# [Directions]
Below are records with pictures. Transcribe exactly, and only, the lines from the line with "(Genaugenommen ist es" to the line with "Мир Чехлов, магазин", both ends included, but not the pictures.

# [Source material]
* * * * * * *
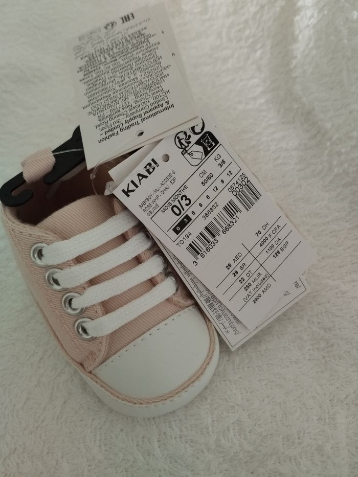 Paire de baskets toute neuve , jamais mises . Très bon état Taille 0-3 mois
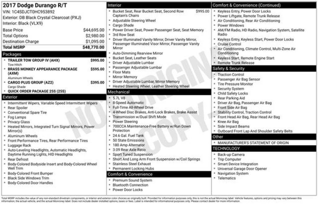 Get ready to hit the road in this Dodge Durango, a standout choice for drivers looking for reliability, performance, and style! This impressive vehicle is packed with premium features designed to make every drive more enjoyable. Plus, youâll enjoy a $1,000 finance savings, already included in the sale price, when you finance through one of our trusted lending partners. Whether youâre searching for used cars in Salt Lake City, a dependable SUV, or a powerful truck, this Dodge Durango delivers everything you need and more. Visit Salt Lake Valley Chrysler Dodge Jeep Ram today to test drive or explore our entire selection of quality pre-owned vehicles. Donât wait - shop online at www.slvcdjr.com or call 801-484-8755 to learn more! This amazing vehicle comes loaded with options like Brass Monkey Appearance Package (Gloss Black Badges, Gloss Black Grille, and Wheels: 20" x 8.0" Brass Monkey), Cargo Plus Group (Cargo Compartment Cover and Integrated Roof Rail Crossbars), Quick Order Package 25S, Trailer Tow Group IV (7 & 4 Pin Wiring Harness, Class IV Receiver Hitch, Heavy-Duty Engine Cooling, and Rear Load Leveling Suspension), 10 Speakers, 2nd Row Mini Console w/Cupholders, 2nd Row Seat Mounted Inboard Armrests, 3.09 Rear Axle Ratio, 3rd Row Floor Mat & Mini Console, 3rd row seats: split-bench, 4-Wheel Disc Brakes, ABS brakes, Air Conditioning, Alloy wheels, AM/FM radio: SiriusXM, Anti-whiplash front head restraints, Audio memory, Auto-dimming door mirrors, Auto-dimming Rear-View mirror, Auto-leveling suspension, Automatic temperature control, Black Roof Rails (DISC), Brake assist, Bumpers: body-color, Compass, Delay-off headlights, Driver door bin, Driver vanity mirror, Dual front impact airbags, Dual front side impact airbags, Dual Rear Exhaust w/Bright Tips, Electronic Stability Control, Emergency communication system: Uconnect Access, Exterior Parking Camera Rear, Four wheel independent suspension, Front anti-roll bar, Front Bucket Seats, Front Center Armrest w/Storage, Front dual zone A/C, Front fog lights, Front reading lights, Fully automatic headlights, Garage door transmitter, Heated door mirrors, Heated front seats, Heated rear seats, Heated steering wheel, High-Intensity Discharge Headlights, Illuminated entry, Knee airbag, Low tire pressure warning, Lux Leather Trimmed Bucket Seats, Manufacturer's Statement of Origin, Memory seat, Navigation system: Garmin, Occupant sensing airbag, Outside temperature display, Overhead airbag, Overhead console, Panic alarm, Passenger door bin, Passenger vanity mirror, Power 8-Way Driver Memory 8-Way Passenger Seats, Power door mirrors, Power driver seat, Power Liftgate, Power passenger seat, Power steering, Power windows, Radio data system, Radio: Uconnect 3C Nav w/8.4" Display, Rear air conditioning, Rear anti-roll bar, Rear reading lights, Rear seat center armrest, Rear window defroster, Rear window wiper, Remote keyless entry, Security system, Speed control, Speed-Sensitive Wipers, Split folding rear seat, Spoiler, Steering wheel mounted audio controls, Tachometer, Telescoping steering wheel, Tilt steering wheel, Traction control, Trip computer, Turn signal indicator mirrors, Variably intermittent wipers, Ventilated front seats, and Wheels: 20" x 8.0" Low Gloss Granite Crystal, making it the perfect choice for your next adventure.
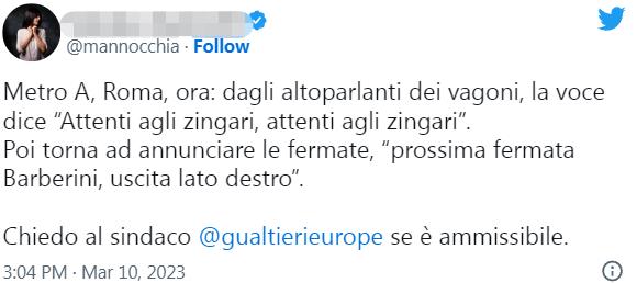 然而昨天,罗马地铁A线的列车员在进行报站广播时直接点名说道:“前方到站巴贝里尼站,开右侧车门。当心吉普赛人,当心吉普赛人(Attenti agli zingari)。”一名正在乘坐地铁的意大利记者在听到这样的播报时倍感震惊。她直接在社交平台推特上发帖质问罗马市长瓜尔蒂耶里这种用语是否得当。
* * * * * * *
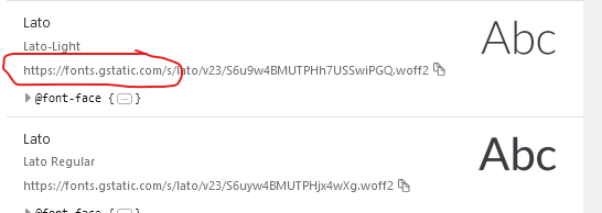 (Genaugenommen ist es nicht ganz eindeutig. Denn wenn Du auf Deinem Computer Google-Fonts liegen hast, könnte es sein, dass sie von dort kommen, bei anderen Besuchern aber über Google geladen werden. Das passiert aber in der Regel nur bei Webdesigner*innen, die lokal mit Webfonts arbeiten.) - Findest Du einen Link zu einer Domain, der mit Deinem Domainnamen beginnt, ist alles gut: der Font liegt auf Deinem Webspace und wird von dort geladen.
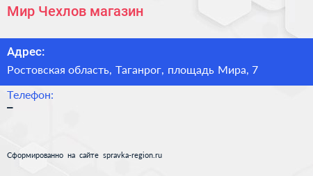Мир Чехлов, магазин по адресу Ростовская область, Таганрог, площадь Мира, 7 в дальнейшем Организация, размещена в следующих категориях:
* * * * * * *
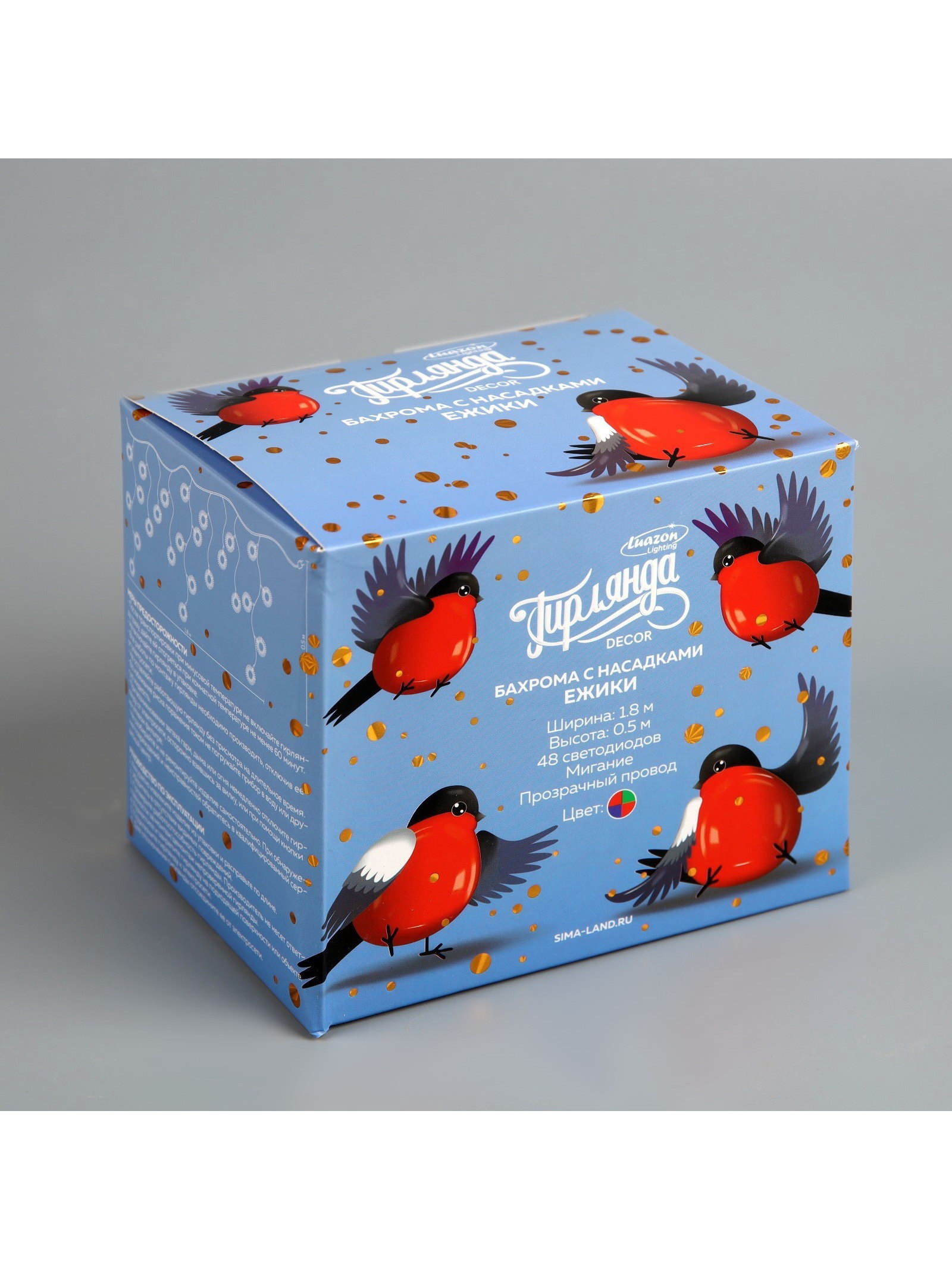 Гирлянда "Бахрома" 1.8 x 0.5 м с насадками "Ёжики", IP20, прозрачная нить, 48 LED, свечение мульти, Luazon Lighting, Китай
* * * * * * *
# [Task response]
 (Genaugenommen ist es nicht ganz eindeutig. Denn wenn Du auf Deinem Computer Google-Fonts liegen hast, könnte es sein, dass sie von dort kommen, bei anderen Besuchern aber über Google geladen werden. Das passiert aber in der Regel nur bei Webdesigner*innen, die lokal mit Webfonts arbeiten.) - Findest Du einen Link zu einer Domain, der mit Deinem Domainnamen beginnt, ist alles gut: der Font liegt auf Deinem Webspace und wird von dort geladen.
Мир Чехлов, магазин по адресу Ростовская область, Таганрог, площадь Мира, 7 в дальнейшем Организация, размещена в следующих категориях:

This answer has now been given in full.